To date, advances in the treatment and diagnosis of colorectal cancer are still limited in their effectiveness, prompting us to consider alternative options in moving forward. In folk medicine, some Isodon species, widely distributed plants, are used as tea drink to prevent inflammation, gastrointestinal bacterial infections and even tumors. We hypothesized that chemical substances present in some Isodon species likely possessed chemopreventive properties as well as chemotherapeutic effects against cancer. In our previous work, many chemical constituents were isolated and characterized from Isodon species, but the study of their bioactive profile is very limited and mechanisms are lacking [14–16].

Our present study focuses on screening the compounds that confer anti-tumor effects, especially on human colorectal cancer cells. We found that henryin, an ent-kaurane diterpenoid, isolated from Isodon rubescens var. lushanensis, exhibited selective growth inhibitory effects on human colorectal cancer cells by inhibiting Wnt signaling. Our data showed that henryin interferes with the β-catenin/TCF complex interaction and induces the G1/S phase arrest in colorectal cancer cells. Accordingly, henryin, as novel inhibitor of Wnt/β-catenin pathway, could make a promising drug candidate for both the prevention of colorectal cancer as well as a novel therapeutic.

Materials and Methods

Reagents

RPMI 1640 medium, Dulbecco’s modified Eagle medium (DMEM), fetal bovine serum (FBS), antibiotics solution, and Trypsin-EDTA were purchased from HyClone (Logan, UT, USA). The complete protease inhibitor cocktail was purchased from Roche Applied Science (Indianapolis, IN, USA). Mouse monoclonal anti-CyclinD1 and anti-β-catenin antibodies were purchased from BD Biosciences (San Jose, CA, USA). Rabbit monoclonal anti-TCF4 and polyclonal anti-phospho-β-catenin antibody were purchased from Cell Signaling Technology (Danvers, MA, USA). Rabbit monoclonal anti-p21 was purchased from Epitomics, Inc (Burlingame, CA, USA). Mouse monoclonal anti-lamin A/C, anti-β-actin, anti-c-Myc antibodies and other reagents, unless otherwise indicated, were purchased from Sigma-Aldrich (St. Louis, MO, USA). Purified human recombinant proteins β-catenin was purchased from Sino biological inc. Purified human recombinant proteins TCF4 was purchased from OriGene. Dual-luciferase reporter gene assay system was purchased from Promega (Madison, WI, USA). Lipofectamine 2000 was purchased from Invitrogen (Camarillo, CA, USA). The QuantiTect SYBR, Green PCR Kit was obtained from Qiagen (Germany).

Compounds

Henryin and its analogues were extracted from Isodon rubescens var. lushanensis, as previously described [14–16]. The compounds were dissolved in dimethyl sulfoxide (DMSO).

Cell lines

Colon cancer cell lines (SW480, HT-29 and HCT116), human lung cancer cell line A549, human normal lung epithelial cell line (Beas-2B) and HEK293T were purchased from ATCC. The normal colonic epithelial cell line (CCD-841-CoN) [17] was kindly gifted by Dr Lin, Li of the Institute of Biochemistry and Cell Biology, Chinese Academy of Sciences (Shanghai, China). Cells were cultured according to the manufacturer’s recommendations. All medium were supplemented with 10% fetal bovine serum (FBS) and 1% antibiotics–antimycotics (100 units/ml penicillin G sodium, 100 mg/ml streptomycin) (Gibco, Invitrogen, USA).

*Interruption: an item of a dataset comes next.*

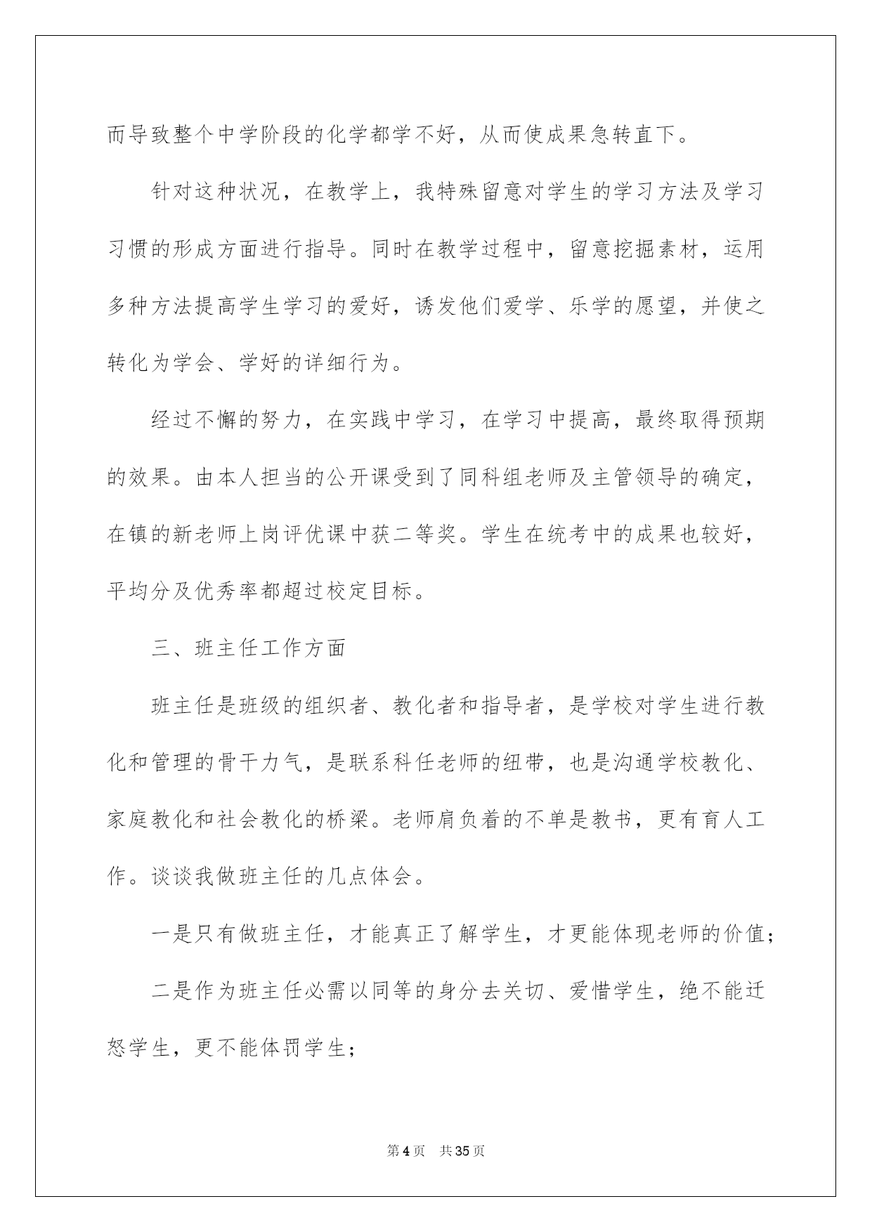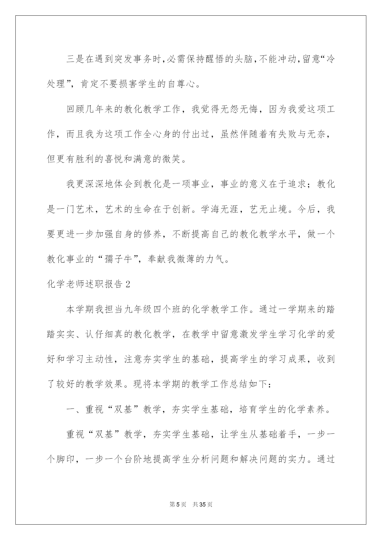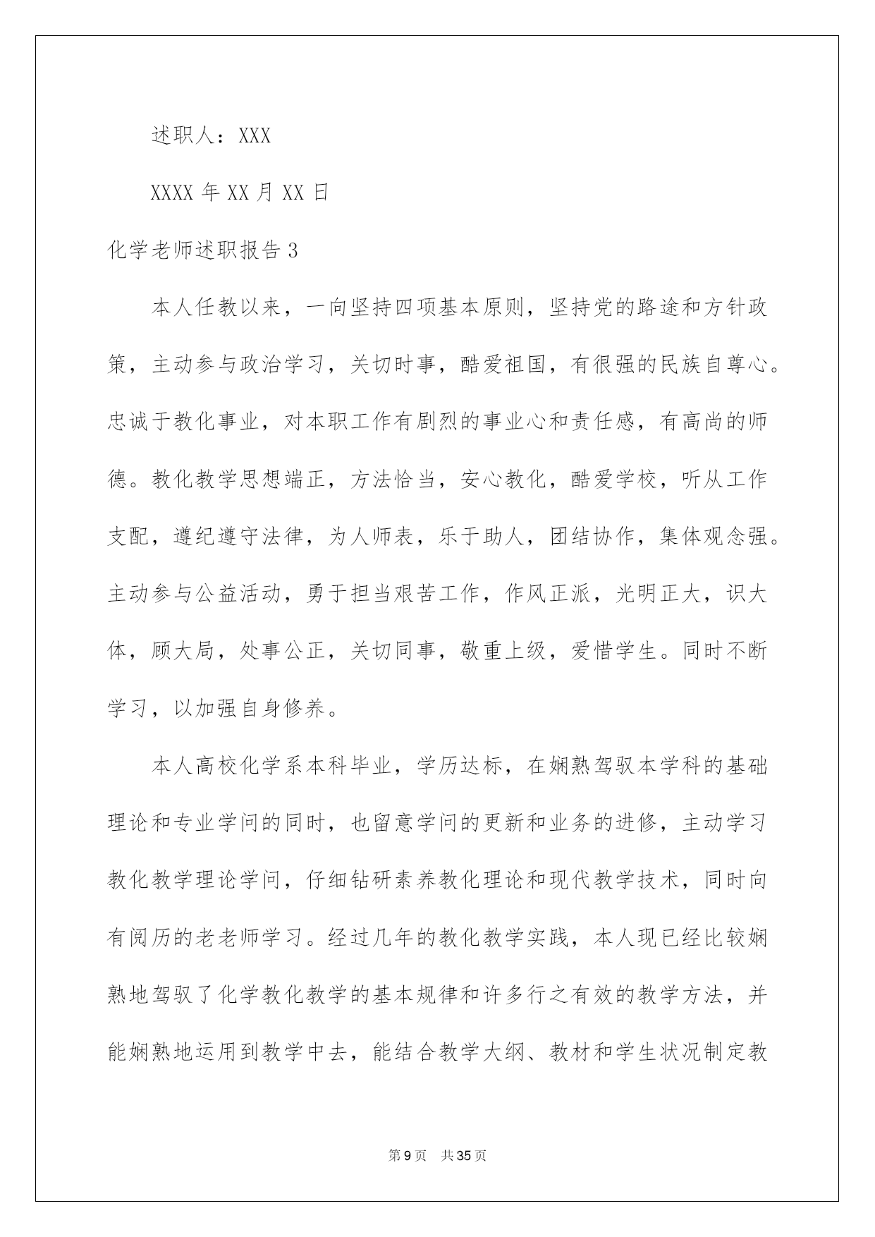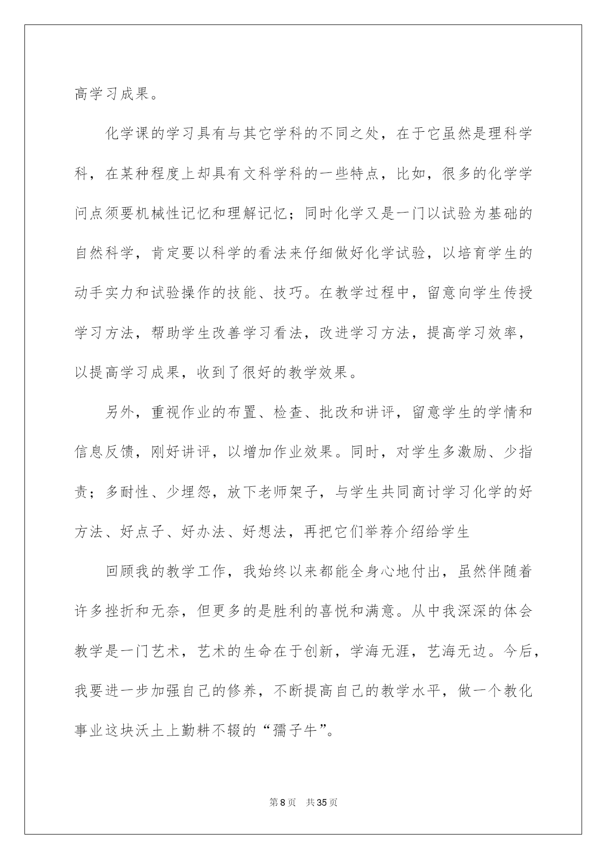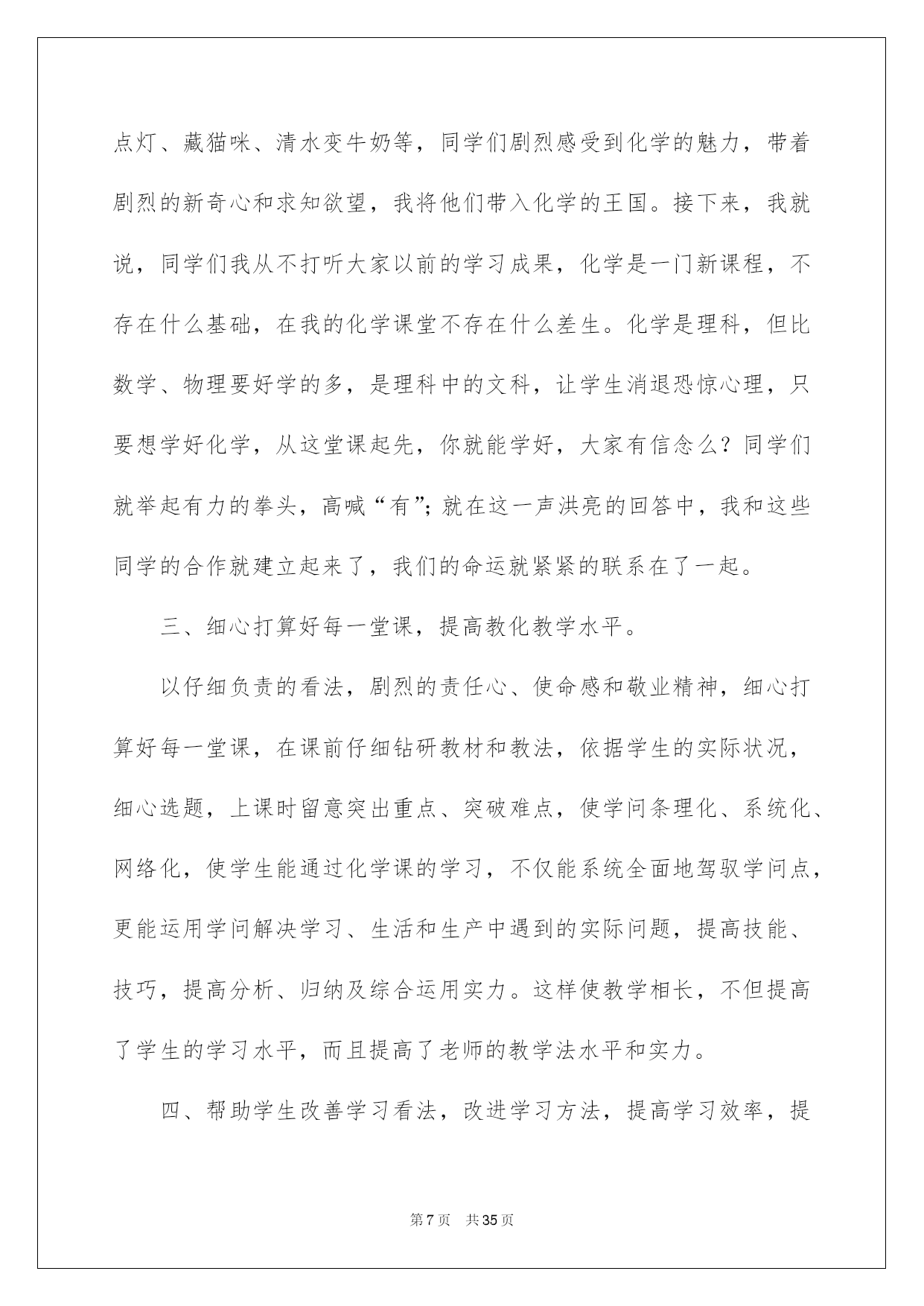 第PAGE\*Arabic\*MERGEFORMAT35页共NUMPAGES\*Arabic\*MERGEFORMAT35页第PAGE\*MERGEFORMAT35页共NUMPAGES\*MERGEFORMAT35页第PAGE\*MERGEFORMAT35页共NUMPAGES\*MERGEFORMAT35页第PAGE\*MERGEFORMAT35页共NUMPAGES\*MERGEFORMAT35页第PAGE\*MERGEFORMAT35页共NUMPAGES\*MERGEFORMAT35页第PAGE\*MERGEFORMAT35页共NUMPAGES\*MERGEFORMAT35页第PAGE\*MERGEFORMAT35页共NUMPAGES\*MERGEFORMAT35页第PAGE\*MERGEFORMAT35页共NUMPAGES\*MERGEFORMAT35页第PAGE\*MERGEFORMAT35页共NUMPAGES\*MERGEFORMAT35页第PAGE\*MERGEFORMAT35页共NUMPAGES\*MERGEFORMAT35页第PAGE\*MERGEFORMAT35页共NUMPAGES\*MERGEFORMAT35页2022化学教师述职报告化学老师述职报告我们眼下的社会,越来越多人会去运用报告,报告具有成文事后性的特点。信任很多人会觉得报告很难写吧,下面是我细心整理的化学老师述职报告,希望对大家有所帮助。化学老师述职报告1本人于XX年六月毕业于XX教化学院化学系。同年七月到XX市XX镇高级中学担当化学老师。一XX年被评定为中学化学二级老师,至今已满四年。20xx年七月调入南海一中工作。在参与工作的几年中,我始终都能听从学校的工作支配,爱岗敬业,尽心尽责,仔细完成学校交给的任务。下面本人对从教几年来的工作状况向各位领导汇报。一、思想政治方面作为一名青年老师和共产党员,参与工作以来,我到处严格要求自己,留意政治理论学习,主动参与党支部生活,坚持学习邓同志关于建设有中国特色的社会主义理论,注意理论联系实际,加强自身的思想理论修养。坚持以江提出的“三个代表”作为自己的行为准则;坚持党的教化方针,忠诚党的教化事业,在工作上乐业敬业,有剧烈的事业心和责任感,满腔热忱地投身到工作中,并到处体现共产党员的先锋模范作用。与学校领导、同事间保持融洽协作的关系,使自己的教学工作在大家的支持和帮助下得以顺当进行。在工作中我坚持做到为人师表,关切学生,帮助学生养成精益求精、肃穆仔细、一丝不苟的良好习惯,做到管教管导,言传身教,教书育人,得到学校领导、同事和学生的确定和好评。二、教学、教研方面老师总是通过所任教的学科进行教学和教化活动,引导学生相识世界,发展智力,培育高尚品德和情操的。所以我认为,衡量一个老师优秀与否的最重要因素教学水平的凹凸,而要有较高的教学水平,就必需有扎实的专业学问、教学基本功和教学的艺术。为此我把初中到中学的化学课本进行深化细致的阅读、探讨,并把高校学问与中学学问相联系,力求追根溯源,融会贯穿;在教学基本功方面,我特殊留意在语言表达实力、组织管理实力、书写实力,总结实力方面下功夫。XX年是本人参与工作的第一年,担当高一级化学教学。俗话说“好的起先是胜利的一半”,我决心要为自己的教学工作开创一个良好的开端。于是我主动从几方面做好:(1)仔细备好每节课。“磨刀不误砍柴功”。课上得好与坏,备课是关键。每备一节课,本人都花费较多的时间去分析教材、钻研大纲、学习教参、钻研教法。并多从学生“学”的角度去考虑怎样上好一节课,做到既备教材、又备学生;既备教法又备学法,为上课作好充分打算;(2)多听同科组或其他科组老师的优质课,学习别人丰富的教学阅历。每学期都先后在本校或其他兄弟学校听课三十多节,学到了许多学生时代学不到的珍贵的实际操作阅历,使自己的教学快速走向成熟;(3)主动试行各种教学方法,以提高学生学习化学的爱好,进而提高教学质量。高一是个转折点,化学科的内容一下子比初中加大加深了很多,许多即使在初中成果较好的同学,都因为在高一学不好,而导致整个中学阶段的化学都学不好,从而使成果急转直下。针对这种状况,在教学上,我特殊留意对学生的学习方法及学习习惯的形成方面进行指导。同时在教学过程中,留意挖掘素材,运用多种方法提高学生学习的爱好,诱发他们爱学、乐学的愿望,并使之转化为学会、学好的详细行为。经过不懈的努力,在实践中学习,在学习中提高,最终取得预期的效果。由本人担当的公开课受到了同科组老师及主管领导的确定,在镇的新老师上岗评优课中获二等奖。学生在统考中的成果也较好,平均分及优秀率

MTS assay and GI₅₀ determination

Cells were seeded in 96-well plates at a density of 5×10³cells/well and incubated for 12h in a CO₂ incubator. Cells were treated with the dose ranging from 0.008 to 4µM of henryin and its analogues, with cisplatin as a positive control for 48h. Then, 20 µl of CellTiter 96® AQueous One Solution Reagent (Promega, Madison, USA) was added and the cells were further incubated at 37 ^°C for 1-2h. Cell viability was then measured by reading the absorbance at a wavelength of 490 nm. The following formula was used to determine cell growth ratio values: 100* (A490 (sample, T) – A490 (sample, T0)) / (A490 (control, T) – A490 (control, T0)). The GI₅₀ values—the concentrations which cause 50% cell growth inhibition—were determined by non-linear regression analysis using TableCurve software.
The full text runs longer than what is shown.